BEGIN DATA SECTION

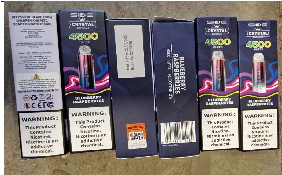
3. Crystal 4500 Smaak blueberry raspberries
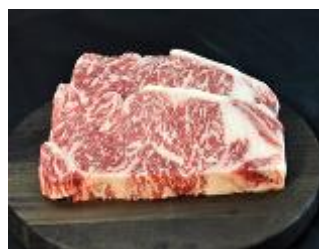
16 二本松市産黒毛和牛サーロインステーキ300g

黒毛和牛うすぎり 1kg(500g×2パ ック)※厳選した二本松市産黒毛和 牛のモモ、バラをうすぎりにカット しました。すき焼き、焼肉とさま ざまな用途でお使い頂けます。
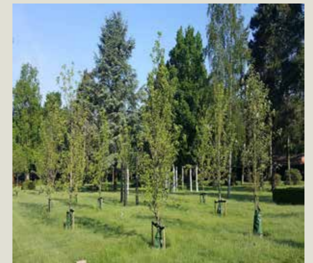
Fælledgræs under fritvoksende træer på Assistens Kirkegård, Vestre.

Det er primært i afdelingerne med Fælledgræs, der er plantet træer i 2013. Herved opnås en frodighed som giver ro og fremstår harmonisk på de åbne arealer mellem Kirkegårdskapellet og OUH.
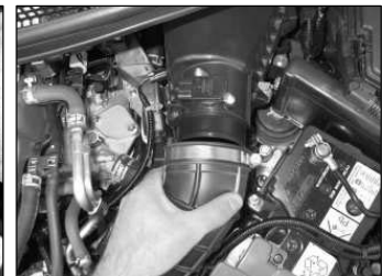
Fig. # 4
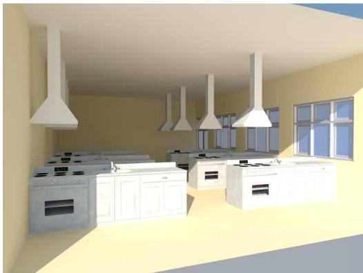
Ruang Praktek Dapur
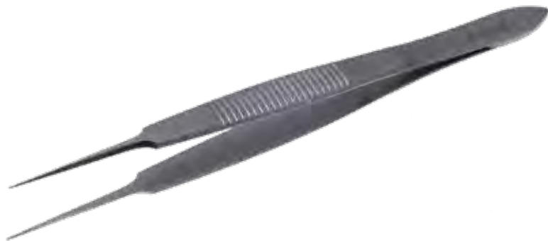
ボナコルト デリケートピンセット Tissue Forceps Delicate Bonaccolto
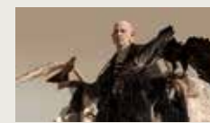
INERTIA OF SAMBARA YANG HU, SHAN HUA 00:01:49
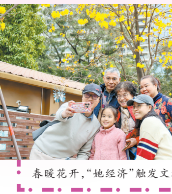
春暖花开，“她经济”触发文旅消费

“比起传统的吃、穿、用等消费，新一代女性，越来越愿意把钱花在‘看不见的地方’。”三月春始来，万物复苏季。在“三八”国际劳动妇女节期间，不少女性将本月视为出游月，将要或已经安排了一场心仪的短假。去哪儿大数据研究院分析，这一届女性消费者奉行“只为自己而行”，她们舍得为“无形的体验”和“情绪价值”买单，旅行成为其首选的选项。
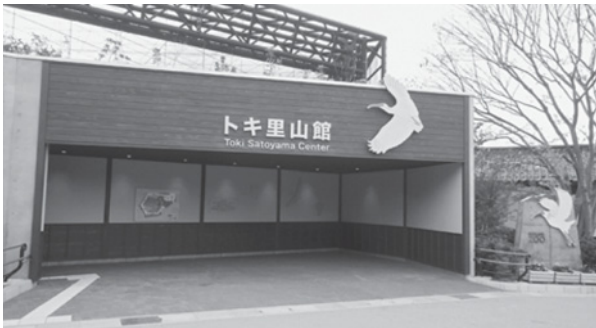
トキ里山館（平成28年11月オープン）

今後も、トキを通じて里山の利用保全を推進するなど、人と自然の共生の取組を進めていきたいと考えています。
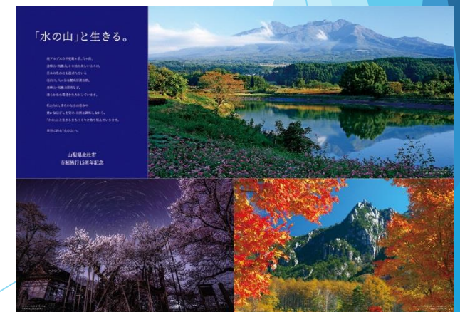
フォトコンテストポスター
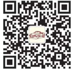
齐鲁晚报今日菏泽 菏泽车友会官方微信二维码
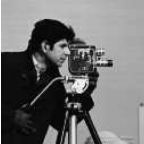
그림 2. 원본 이미지.
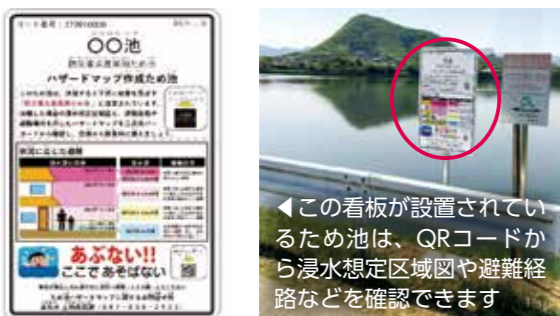
この看板が設置されているため池は、QRコードから浸水想定区域図や避難経路などを確認できます

ため池や用水路などでは、毎年、全国的に痛ましい転落事故などが発生しています。特に、子どもや高齢者は注意が必要です。家庭や地域全体での声かけや見守りをお願いします。
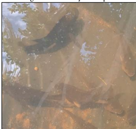
Figura 8 – Produção Tilápias
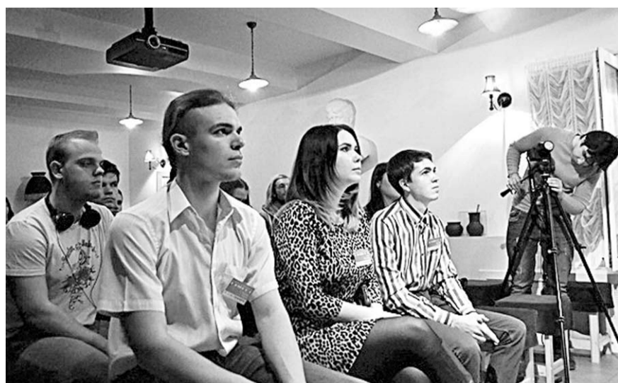
В один из фестивальных дней.

Не менее важной частью фестивальной программы в этом году стала дискуссия о путях развития городского туризма и использования городского пространства для реализации культурных проектов. Была затронута и такая тема, как развитие творческих кластеров в других городах и странах.
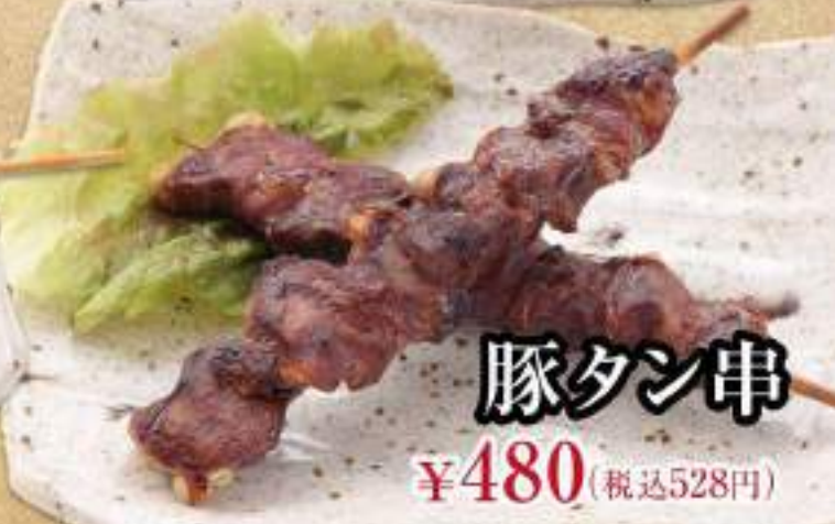
豚タン串 ¥480 (税込528円)
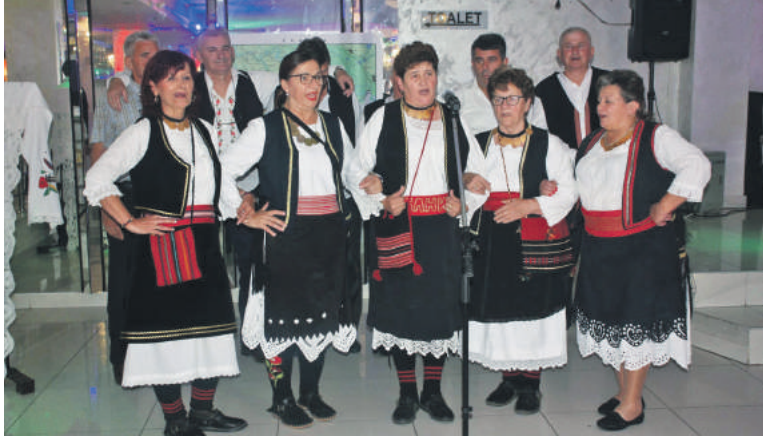
» Женска пјевачка група Банија

END DATA SECTION

* _EXERCISE GOAL_
Would you return all of the entries unchanged while omitting the images?

* _SOLUTION BELOW_
3. Crystal 4500 Smaak blueberry raspberries
16 二本松市産黒毛和牛サーロインステーキ300g

黒毛和牛うすぎり 1kg(500g×2パ ック)※厳選した二本松市産黒毛和 牛のモモ、バラをうすぎりにカット しました。すき焼き、焼肉とさま ざまな用途でお使い頂けます。
Fælledgræs under fritvoksende træer på Assistens Kirkegård, Vestre.

Det er primært i afdelingerne med Fælledgræs, der er plantet træer i 2013. Herved opnås en frodighed som giver ro og fremstår harmonisk på de åbne arealer mellem Kirkegårdskapellet og OUH.
Fig. # 4
Ruang Praktek Dapur
ボナコルト デリケートピンセット Tissue Forceps Delicate Bonaccolto
INERTIA OF SAMBARA YANG HU, SHAN HUA 00:01:49
春暖花开，“她经济”触发文旅消费

“比起传统的吃、穿、用等消费，新一代女性，越来越愿意把钱花在‘看不见的地方’。”三月春始来，万物复苏季。在“三八”国际劳动妇女节期间，不少女性将本月视为出游月，将要或已经安排了一场心仪的短假。去哪儿大数据研究院分析，这一届女性消费者奉行“只为自己而行”，她们舍得为“无形的体验”和“情绪价值”买单，旅行成为其首选的选项。
トキ里山館（平成28年11月オープン）

今後も、トキを通じて里山の利用保全を推進するなど、人と自然の共生の取組を進めていきたいと考えています。
フォトコンテストポスター
齐鲁晚报今日菏泽 菏泽车友会官方微信二维码
그림 2. 원본 이미지.
この看板が設置されているため池は、QRコードから浸水想定区域図や避難経路などを確認できます

ため池や用水路などでは、毎年、全国的に痛ましい転落事故などが発生しています。特に、子どもや高齢者は注意が必要です。家庭や地域全体での声かけや見守りをお願いします。
Figura 8 – Produção Tilápias
В один из фестивальных дней.

Не менее важной частью фестивальной программы в этом году стала дискуссия о путях развития городского туризма и использования городского пространства для реализации культурных проектов. Была затронута и такая тема, как развитие творческих кластеров в других городах и странах.
豚タン串 ¥480 (税込528円)
» Женска пјевачка група Банија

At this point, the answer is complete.